Let me be clear: that is my very personal prejudice, which I admit to
(and then exaggerate a bit for comic effect). Swift has every intention
of being great for, and welcoming, OOP.
> We should not discourage a feature we support, but just make the
> alternatives so so good that people will not want to use anything but
> them (unless they really need to use the older practice of course).
>
> I think this is part of being opinionated, but one of the two aspects:
> do you reward good behaviour over punishing bad one or do you try to
> make people do something better by rendering the alternative more
> limited/less appealing?
>
> (In less serious tone) C'mon Crusty, you refused to move to classes
> with C in the early 80's, staying strong and steady worked, you stuck
> with structs and function pointers, you have won with Swift... there's
> no need to spike the ball :P.
:-).
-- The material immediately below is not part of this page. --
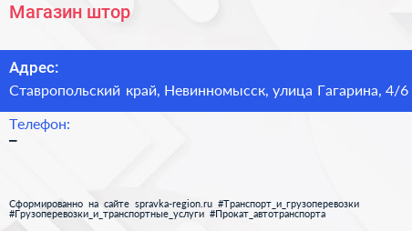 Магазин штор по адресу Ставропольский край, Невинномысск, улица Гагарина, 4/6 в дальнейшем Организация, размещена в следующих категориях:

Look, I'm not spiking the ball. I'm saying, the best practice is
to create designs where you don't have to (and even, if supported by the
language, can't) call super. Anyone who doesn't believe me should
search the web for questions about when and whether to call super in
viewWillAppear. APIs that leave programmers with persistent open
questions that don't have clear answers should be improved.
If lots of designs fail to follow that idiom, well, we should certainly
help people to be effective with those designs in spite of their
deficiencies. But we absolutely should *not* punish the best practice
by making the compiler spew warnings when it is followed.